The soil is a sandy loam. Across the site soil, depth above bedrock varies between 5 and 15 feet.

Related: Mike Treinen – Onsite Installer Video – Nov 2011

Nor was the drip field an ideal flat piece of ground. The discharge system utilizes a large stand of trees on hills above the camp. Preserving those trees was one of the project’s challenges. “It was a lot of hand work. We rented a small trencher and did as much as we could mechanically. But as soon as we came to roots of about 2 inches in diameter, we had to hand dig beneath,” McGee says.

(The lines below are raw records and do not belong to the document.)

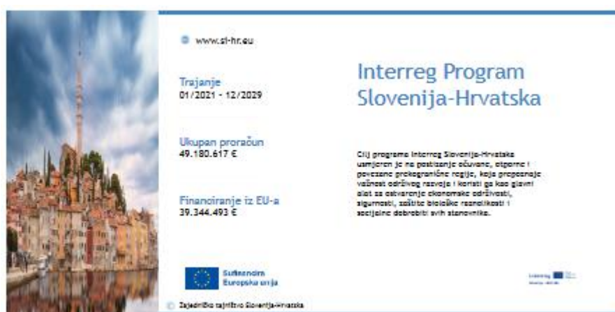
Slika 18. Predložak za pano

Kao i za predložke panoa, predložka za ploču omogućava pružanje ključnih informacija o projektu, kako bi se osigurala transparentnost. Ploče bi trebale biti postavljene uz mjesto gdje se projekt odvija, jer moraju biti jasno vidljive za javnost. Glavni elementi predložka ploče su: naziv aktivnosti, naziv/akronim projekta, opis projekta, trajanje projekta (početak i kraj), ukupna sredstva/dobivena podrška iz EFRR-a, logotip projekta, lokacije za druge logotipe, upućivanje na internetsku stranicu itd. Partneri projekta mogu promijeniti predložak, ali moraju uključivati elemente donjeg predložka.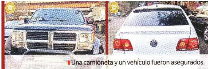
■ Una camioneta y un vehículo fueron asegurados.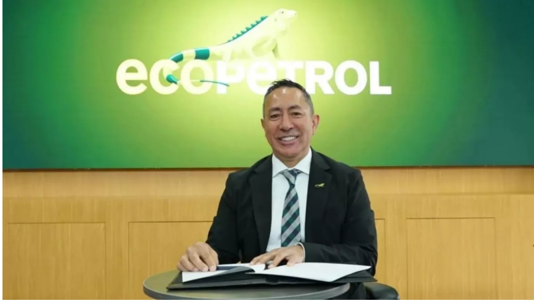
Créditos: Ricardo Roa, presidente de Ecopetrol. Imagen tomada de Ecopetrol

Hoy otra imputación contra el funcionario por presunta violación de topes de campaña Petro.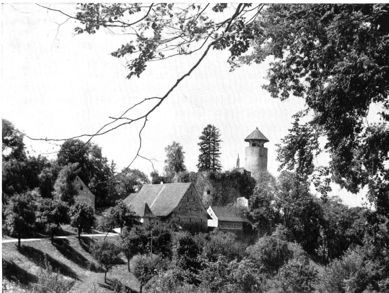
Bild 5. Weidhof oder Unterer Burghof von Osten. Auf dem Bergfried kegelförmiges Dach, darunter Rundgang, Storch als Wetterfahne.

geschlossen gewesen wäre, hätten die Angreifer dort zwischen der zuletzt genannten vorstossenden Mauer und diesem Zwingertor sich gestaut und hätten aus einem direkt über diesem schmalen Platz oben auf der Bergmauer angebrachten Gusserker mit heissem Pech, Oel oder Wasser begossen werden können. Dieser Gusserker ist ein kleiner Riegelbau und nur durch schräge Balken, nicht steinerne Konsolen, gestützt.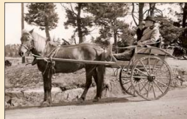
Hjalmar Jansén med dottern på Lumpovägen

Om somrarna under 1920- och 1930-talet vistades den kände finlandssvenske diktaren Elmer Diktonius (1896–1961) i Lumparland och bodde då bl. a. i Lumpo vid Södergård.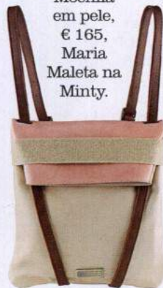
Mochila em pele, € 165, Maria Maleta na Minty.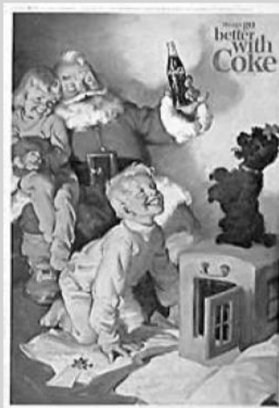
ANEXO A – Propaganda da Coca-Cola em 1964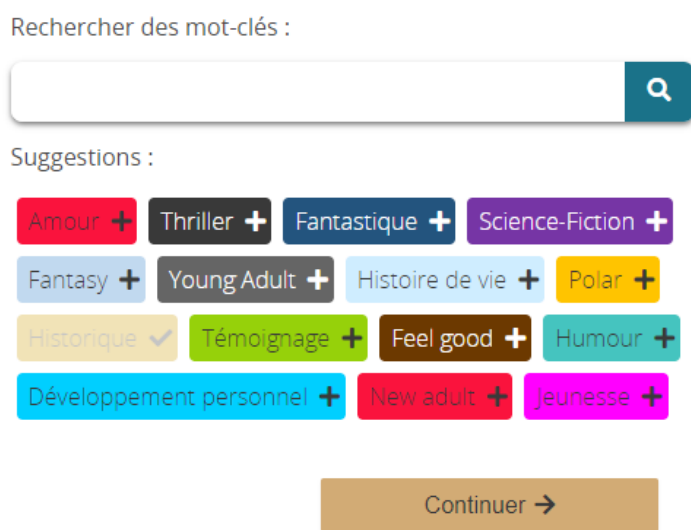
Figure 2: Système de mots-clés du questionnaire Ptit Colli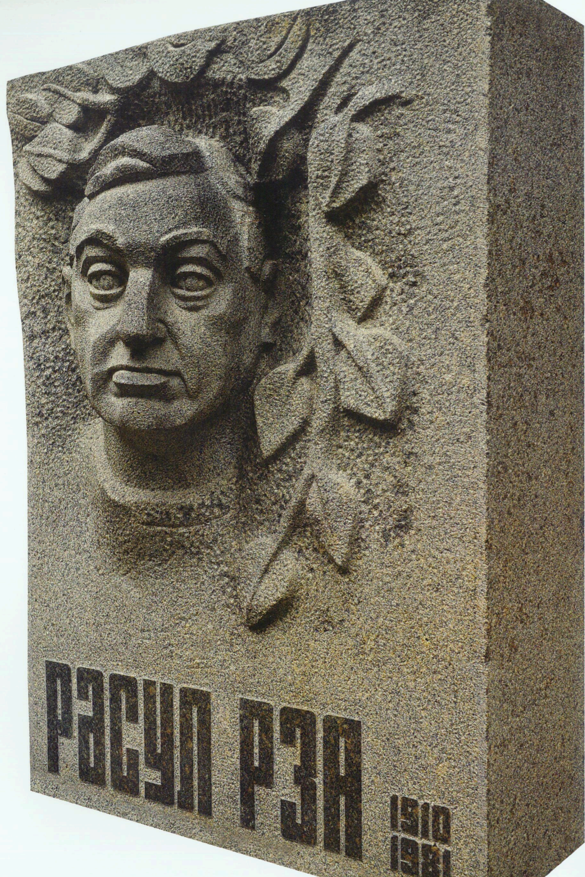
Şair Rəsul Rzanın qəbirüstü abidəsi Qranit Gravestone of poet Rasul Rza Granite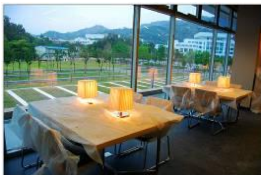
靠近校园的阅览室,落地窗,可纵览校园风光。桌面的台灯为空间分界线。

汕大新图书馆的设计体现着“人与自然和谐相处”的意味。比如图书馆的外墙是土黄色,不同于汕大其它建筑外墙的纯白,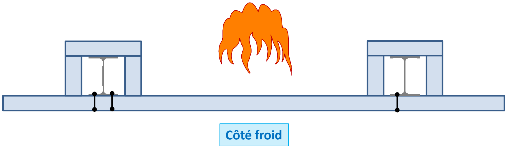
Schéma CTICM: solution de paroi métallique pour écrans thermiques et murs CF

Le nouveau dispositif est composé de panneaux sandwich ayant un classement EI120 assemblés sur des poteaux métalliques porteurs et encoffrés sur toute leur hauteur par le même type de panneaux EI120.

Trees were not planted in straight lines. “It was all virgin forest up there,” McGee says. To go around large root systems, they split the 2-inch force main into a couple of pipes and then linked the Geoflow drip lines to those to cover the soil in and around the roots. “It looked like spaghetti up there for a while,” McGee says.

Although associated with the notion of eternal sunshine California does have a winter, and the SBI project spanned it. From about November through April or May is the rainy season. Access to the job site was a dirt road.

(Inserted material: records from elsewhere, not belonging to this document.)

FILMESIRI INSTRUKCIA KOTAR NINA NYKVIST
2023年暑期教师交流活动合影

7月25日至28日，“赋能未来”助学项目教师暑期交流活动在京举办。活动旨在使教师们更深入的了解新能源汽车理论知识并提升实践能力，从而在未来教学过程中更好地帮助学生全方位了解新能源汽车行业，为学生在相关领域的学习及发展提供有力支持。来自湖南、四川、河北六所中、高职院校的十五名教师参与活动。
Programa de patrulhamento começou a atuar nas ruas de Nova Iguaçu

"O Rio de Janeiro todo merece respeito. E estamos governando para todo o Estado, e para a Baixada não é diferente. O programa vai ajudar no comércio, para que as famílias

“We got a lot of rain that winter so there were periods of time when we couldn’t actually get in,” McGee recalls. “We had kind of a dry window there when we were actually setting the AX units.”

As it was, trucks couldn’t make it up the grade to the job site without help. One bend was so sharp drivers had to stop and back up to complete the turn, McGee says. To move the tanks SBI had its own trucks, tri-axles with 20 feet of bed. The crew built extensions for the beds so the trucks could haul the septic and AX tanks up to the site. A tractor with a backhoe hooked on to the trucks to help them get up the grade. The same was true for the 15-ton crane that came in to set the tanks. Going downhill wasn’t a problem.

High but not dry

Despite the site’s location high on a hill, the tanks were installed with deadmen to prevent them from floating. There is still some elevation above the tank site, McGee says. “It rains all winter pretty much, and the water table fluctuates greatly.” There is probably no danger of the tanks breaking through the surface, yet they’re fiberglass, and if they are completely emptied the cables will ensure they remain in the ground.

When the installation was done, the work was not. There was still the environment to take care of. “When we were done there was a lot of erosion control. We hand-seeded the ground and manually spread straw. And it’s kind of neat to go up there now and see the grass growing.”

Systems like the Advantex are becoming the norm in his part of California, McGee says. Sonoma County is a popular second-home location, and the state’s stringent environmental regulations make it increasingly difficult to find locations where traditional septic systems are permitted.

“We find ourselves more and more putting these advanced systems in challenging places, among tress and in other terrain like Camp Newman. Advantex water is so clean, the owners can use it for subsurface irrigation,” McGee says.